Work to be completed
From the data below, set down exactly the lines between the one holding "きれいなカラーのボイルレース" and the one holding "Футболка для девочки", inclusive, and no others.

Records for this exercise
════

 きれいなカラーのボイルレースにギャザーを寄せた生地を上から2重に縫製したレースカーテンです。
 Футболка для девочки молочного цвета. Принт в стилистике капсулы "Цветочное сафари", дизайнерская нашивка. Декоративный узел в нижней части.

════

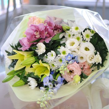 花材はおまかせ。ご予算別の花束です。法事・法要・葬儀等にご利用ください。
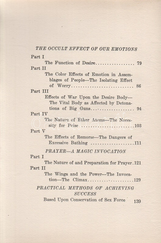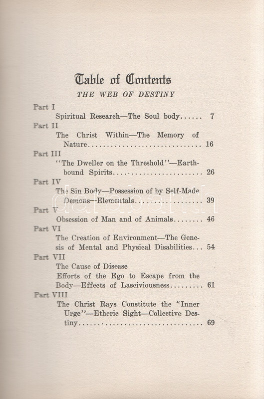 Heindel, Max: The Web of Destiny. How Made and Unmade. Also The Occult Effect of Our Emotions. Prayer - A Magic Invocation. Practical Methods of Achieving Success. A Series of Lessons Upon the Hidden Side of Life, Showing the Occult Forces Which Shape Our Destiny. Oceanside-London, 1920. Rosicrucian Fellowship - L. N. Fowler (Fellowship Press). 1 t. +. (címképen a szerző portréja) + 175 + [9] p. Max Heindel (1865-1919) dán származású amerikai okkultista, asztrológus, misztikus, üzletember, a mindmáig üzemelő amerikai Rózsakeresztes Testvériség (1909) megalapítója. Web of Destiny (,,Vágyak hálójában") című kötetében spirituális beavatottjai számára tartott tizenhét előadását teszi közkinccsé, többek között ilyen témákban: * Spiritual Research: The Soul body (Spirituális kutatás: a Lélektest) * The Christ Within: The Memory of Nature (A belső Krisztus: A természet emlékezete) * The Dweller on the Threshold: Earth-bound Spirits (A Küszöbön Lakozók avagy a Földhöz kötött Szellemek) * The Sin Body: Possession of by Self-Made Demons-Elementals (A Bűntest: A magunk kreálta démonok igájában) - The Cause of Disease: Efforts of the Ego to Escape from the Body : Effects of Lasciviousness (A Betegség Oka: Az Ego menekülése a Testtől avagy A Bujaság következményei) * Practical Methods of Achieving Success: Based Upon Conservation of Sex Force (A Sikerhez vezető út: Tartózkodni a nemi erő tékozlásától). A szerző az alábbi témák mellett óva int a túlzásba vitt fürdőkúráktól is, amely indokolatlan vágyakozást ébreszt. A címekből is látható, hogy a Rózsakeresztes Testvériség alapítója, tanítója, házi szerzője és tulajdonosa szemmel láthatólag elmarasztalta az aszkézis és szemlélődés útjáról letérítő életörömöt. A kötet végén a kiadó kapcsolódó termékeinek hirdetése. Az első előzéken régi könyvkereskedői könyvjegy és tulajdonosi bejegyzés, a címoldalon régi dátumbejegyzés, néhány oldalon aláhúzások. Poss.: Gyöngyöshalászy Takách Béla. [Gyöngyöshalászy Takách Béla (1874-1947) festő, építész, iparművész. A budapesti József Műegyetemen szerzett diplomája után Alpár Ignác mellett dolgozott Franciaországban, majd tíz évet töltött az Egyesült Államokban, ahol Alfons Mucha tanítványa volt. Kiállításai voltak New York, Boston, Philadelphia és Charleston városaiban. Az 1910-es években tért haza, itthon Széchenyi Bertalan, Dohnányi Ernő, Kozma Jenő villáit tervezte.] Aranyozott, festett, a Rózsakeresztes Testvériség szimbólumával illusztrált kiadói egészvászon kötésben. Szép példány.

════

Finished task
 きれいなカラーのボイルレースにギャザーを寄せた生地を上から2重に縫製したレースカーテンです。
 Футболка для девочки молочного цвета. Принт в стилистике капсулы "Цветочное сафари", дизайнерская нашивка. Декоративный узел в нижней части.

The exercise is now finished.